## INSTRUCTIONS FOR THE TASK
Return the lines that run from the beginning of the entries to the line holding "HENGHUANG γυναικείο πορτοφόλι", inclusive, and drop the pictures.

Items from a data source:
↓↓↓

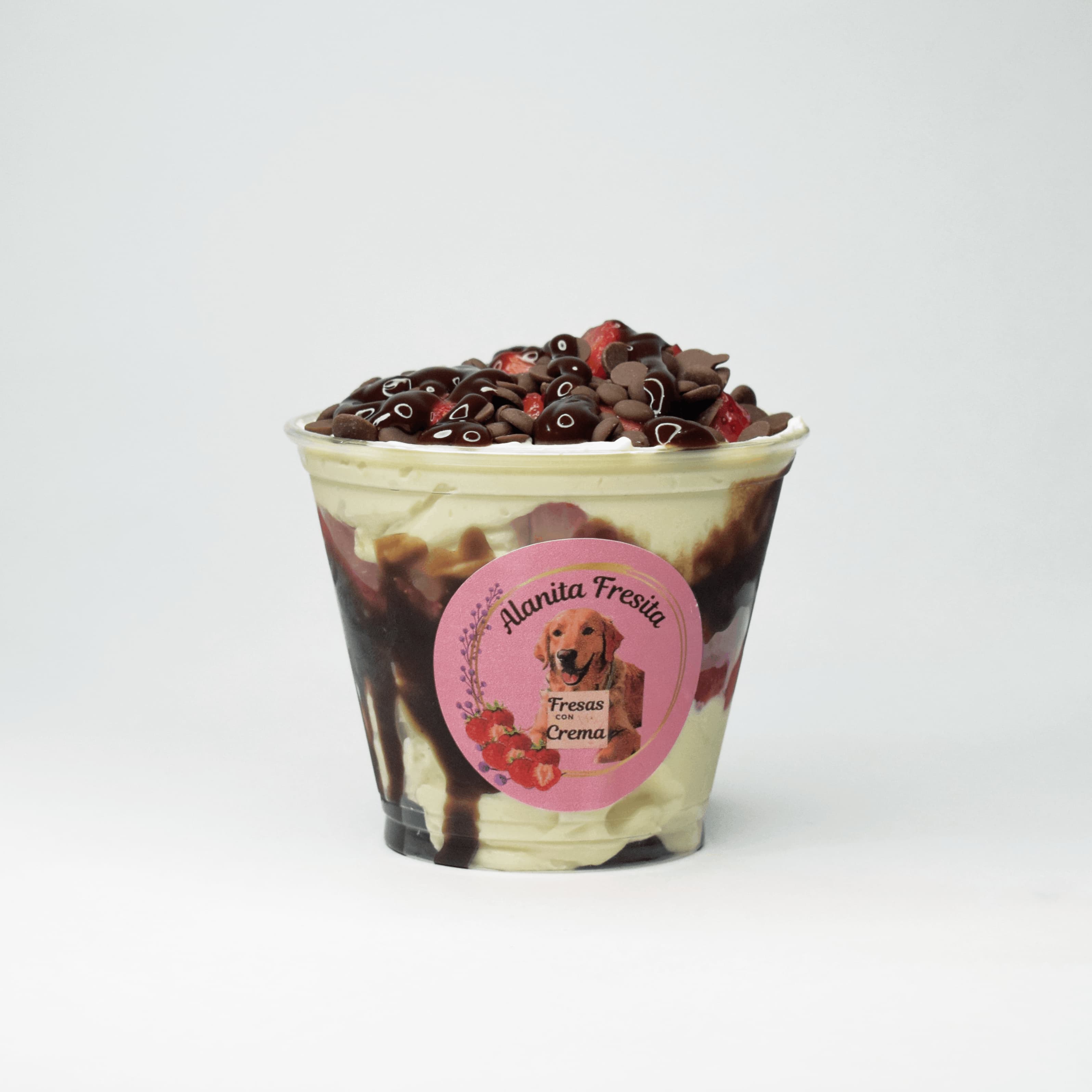 Deliciosa crema de leche artesanal, fresas picadas, 1 salsa a elección, 1 topping a elección.
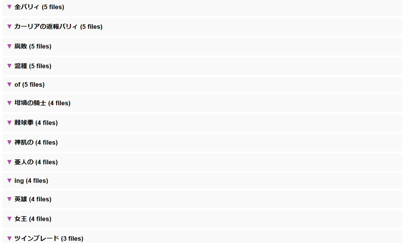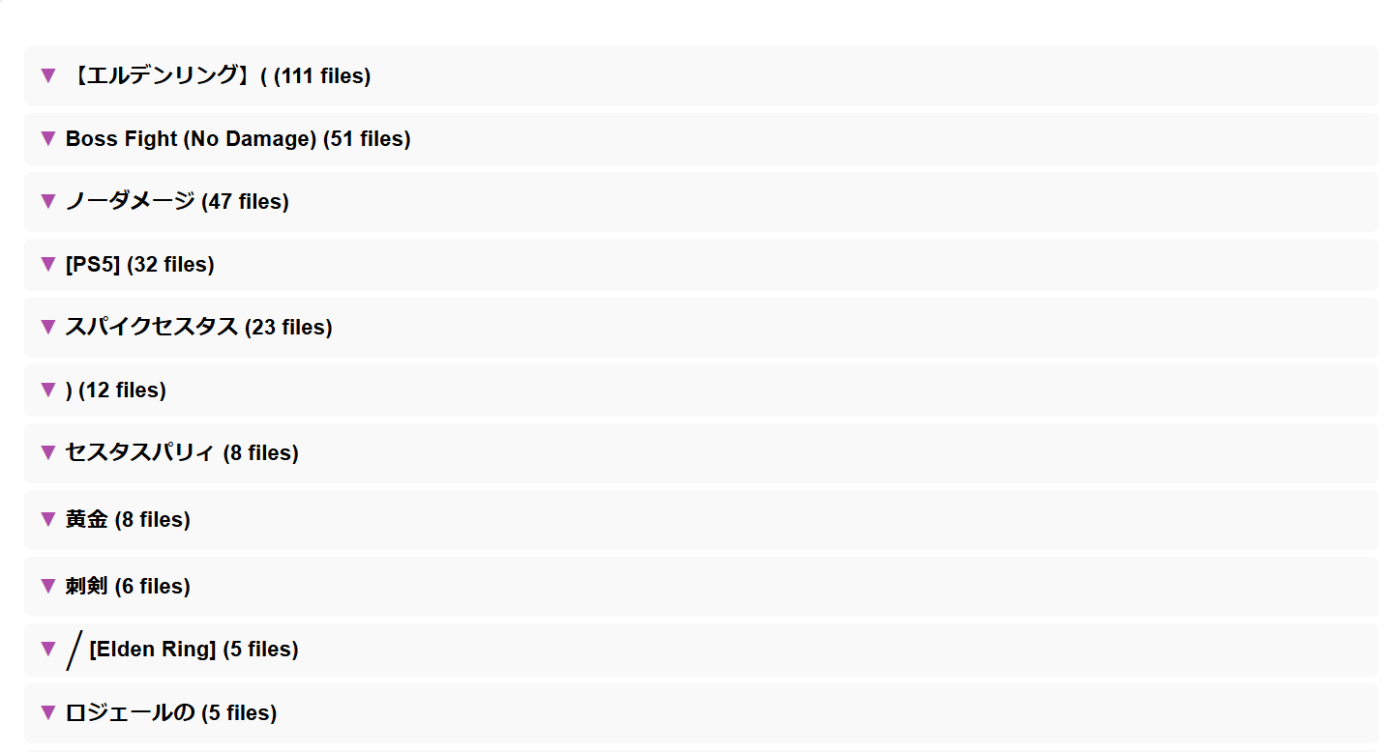 タイトル、ノーダメージのようなものの後に、武器種によるくくり、そのあと、敵の種類の区分などが出てきている。複数タイトルを突っ込むと、例えば、エルデンリング、ホロウナイトのように最初に並んでくれる。これは、朗読バージョンで試すと、作者ごとにいい感じに分かれてくれたのを確認している。
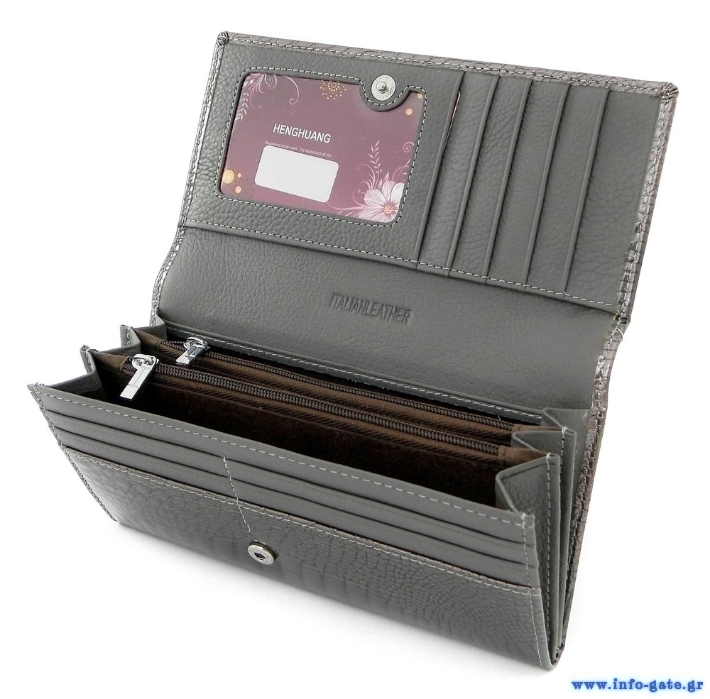 HENGHUANG γυναικείο πορτοφόλι LBAG-0029, δερμάτινο, γκρι
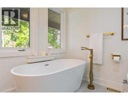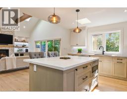 Stunning Brand-New Rebuild in Downtown Burlington Tucked away on a quiet cul-de-sac, this raised bungalow offers refined living at its best. Perfectly situated backing onto the picturesque Waterfront Trail, it’s just a short stroll to downtown Burlington, with its charming shops, restaurants, and the sparkling shores of Lake Ontario. Never been lived in, this home is ideal for downsizers or professionals seeking a luxurious, low-maintenance lifestyle where style and comfort abound. Step inside to discover a magnificent open-concept design, featuring engineered hardwood floors, pot lights, and integrated speakers throughout. The great room captivates with its cathedral, beam-accented ceiling, skylights, and a stone-framed gas fireplace flanked by illuminated custom shelving and cabinetry. Sliding doors create a seamless transition to the covered porch, wired for sound and complete with glass railings overlooking a private backyard oasis. The professionally designed kitchen is a showpiece—featuring Bosch appliances, sleek finishes, and a large island perfect for entertaining. Just off the great room, the main floor laundry is bright and functional, with ample cabinetry, heated floors, and direct access to the garage and backyard. The primary suite offers a serene retreat with a vaulted ceiling, numerous custom built-ins, and a spa-like ensuite boasting a soaker tub and heated floors. The lower level is equally impressive, with a spacious, light-filled family room featuring a walkout to the garden and custom built-ins for extra storage. Three generous bedrooms, each large enough for a king bed, share a beautiful 3-piece bath again with heated floors. Even the mechanical room has been finished with large-format tile for a polished touch. Outside, a detached garage comes EV charger–ready, completing this exceptional offering. Every detail has been thoughtfully designed and flawlessly executed. This one-of-a-kind property is truly not to be missed! (id:35360)
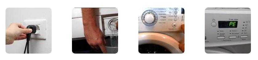 - Через розетку. Для сброса программы достаточно отключить машину от розетки и повторно включить через 20-30 секунд.
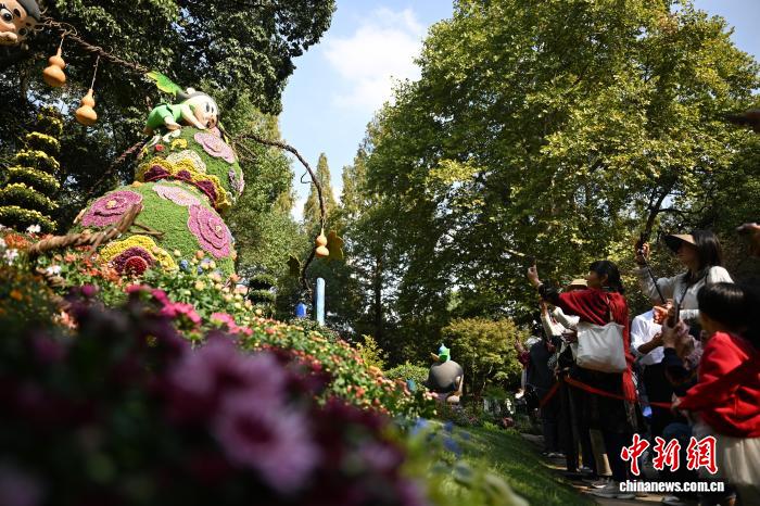 10月29日,大作《葫芦童忆》吸收观光者。当日,2025第5届少3角菊花粗品铺暨杭州第11届菊花艺术铺正在浙江杭州动物园开幕,该铺会聚少3角区域劣量菊花资本取菊艺结果,700多个菊花种类、远5万盆菊花为公众出现春日衰景,吸收大批观光者。中新社记者 王刚刚 摄
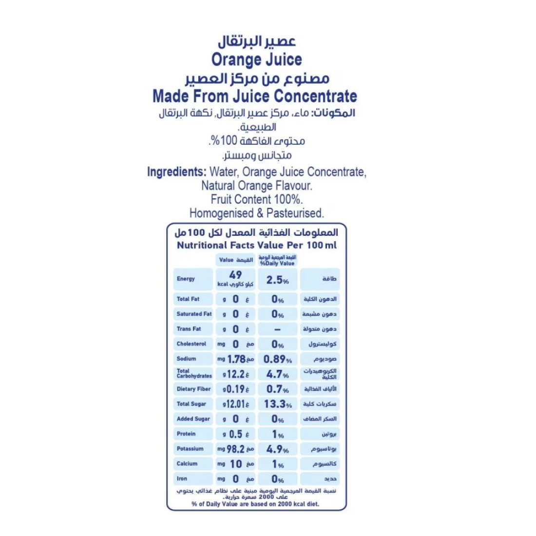 ingredients : ماء، عصير برتقال مركز، فيتامين C
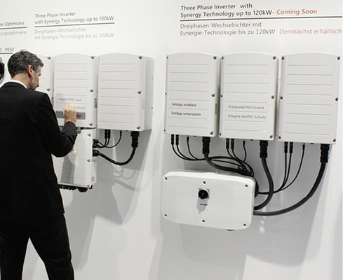 Die neuen Synergy-Geräte, die gewerbliche Baureihe des Anbieters, reichen bereits bis 100 Kilowatt. Sie sind zweigeteilt: Die Primäreinheit umfasst alle DC- und AC-Anschlüsse. Je nach Leistung des Solarfeldes werden mehrere Sekundäreinheiten mit den Leistungsteilen aufgeschaltet. Auf diese Weise lassen sich Leistungen von 100 bis 300 Kilowatt abdecken. In Aussicht gestellt wurde ein Gerät der nächsten Generation für 120 Kilowatt.
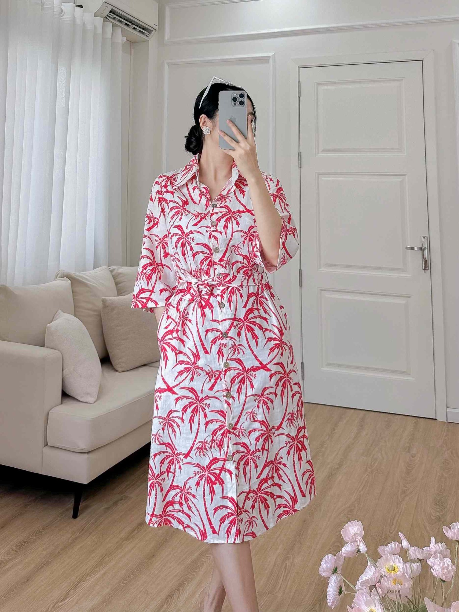 1. Đặc điểm nổi bật Đầm sơ mi tay lỡ linen họa tiết dừa đỏ
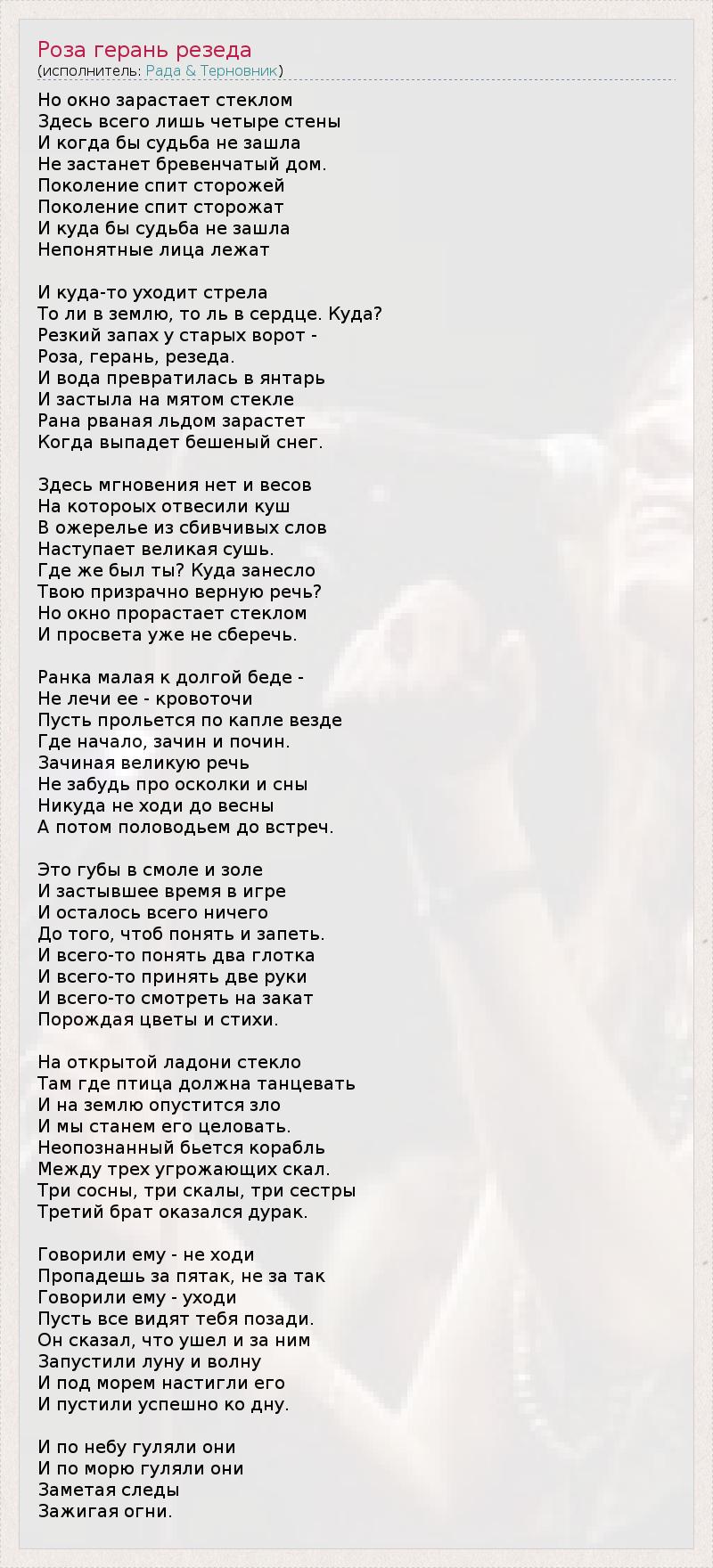 А как ты думаешь, о чем песня "Роза герань резеда" ?
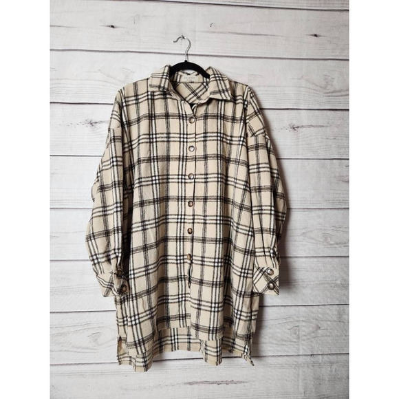 Saints & Hearts Womens Blouse Beige Black Plaid Button Long Sleeve Boyfriend M
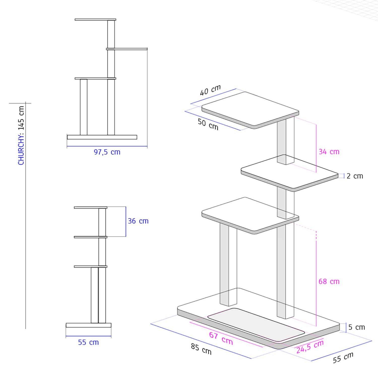 CHURCHY - ein echter Hingucker nicht nur für Stubentiger! Der Kratzbaum CHURCHY bietet den idealen Rückzugsort für deine Katze. Verschiedene Ebenen laden zum Klettern ein, die Plattformen zum Entspannen und Ausruhen und Kratzmöglichkeiten zum Entschärfen der Krallen. Eine extra große Bodenplatte (85 x 55 cm) sorgt für Bodenhaftung, zwei im unteren Bereich angebrachte Stämme geben Standfestigkeit. Der Stamm wird mittels hochwertiger Beschläge sicher und stabil auf der Bodenplatte fixiert. Das Werkzeug dafür wird gleich mitgeliefert. Die eckigen Stämme (8 x 8 cm) aus getrocknetem Fichtenholz sind komplett mit robustem und hochwertigem 100% Sisal ausgerüstet. Die dichte Struktur sorgt für lange Lebensdauer und die Kratzfreude für die Katze ist garantiert. Im Vergleich zu herkömmlichen Sisalschnüren wirkt die feine Weboptik des Sisal filigran und edel und ist dabei äußerst strapazierfähig und langlebig. Die große Bodenplatte aus beschichteter MDF-Platte ist mit einer eingelassenen Kratzfläche ausgestattet, damit bietet CHURCHY viele Möglichkeiten zur Krallenpflege. Die oberen zwei Liegeflächen, ebenfalls aus beschichteter MDF-Platte, sind um 360° drehbar und können individuell ausgerichtet werden. Zu dem Kratzbaum liefern wir unsere Cozy Kissen, die einerseits auf dem Kratzbaum kaum auffallen, andererseits den Liegekomfort eines dicken Kissens bieten. Eine Besonderheit des Kissens ist die hohe Strapazierfähigkeit, denn der von uns eingesetzte Pet-Friendly Bezugsstoff stammt aus dem Möbel-Hochwertbereich. Er ist für eine starke Beanspruchung ausgelegt.
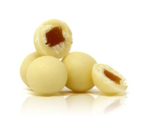 Pepite con ripieno di purea di pesca ricoperte di cioccolato bianco artigianale
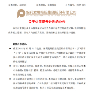 千亿元市值地产巨头保利发展,发布估值提升计划
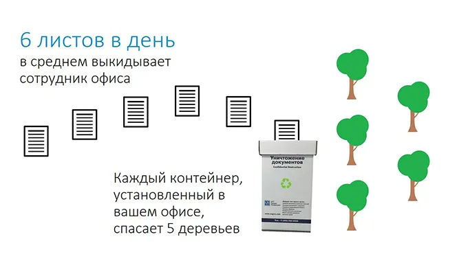 Ежегодно для изготовления бумаги уничтожается примерно 10 000 км2 леса. ОСГ внедрила в комплекс своих решений услугу конфиденциального уничтожения документов. Благодаря социальной ответственности и активности клиентов ОСГ и ОСГ, клиенты имеют возможность уничтожать документы методом шредирования с разной степенью секретности, и только после этого шредированный материал отправляется на вторичную переработку.

↑↑↑

## SOLUTION TO THE PROBLEM
 Deliciosa crema de leche artesanal, fresas picadas, 1 salsa a elección, 1 topping a elección.
 タイトル、ノーダメージのようなものの後に、武器種によるくくり、そのあと、敵の種類の区分などが出てきている。複数タイトルを突っ込むと、例えば、エルデンリング、ホロウナイトのように最初に並んでくれる。これは、朗読バージョンで試すと、作者ごとにいい感じに分かれてくれたのを確認している。
 HENGHUANG γυναικείο πορτοφόλι LBAG-0029, δερμάτινο, γκρι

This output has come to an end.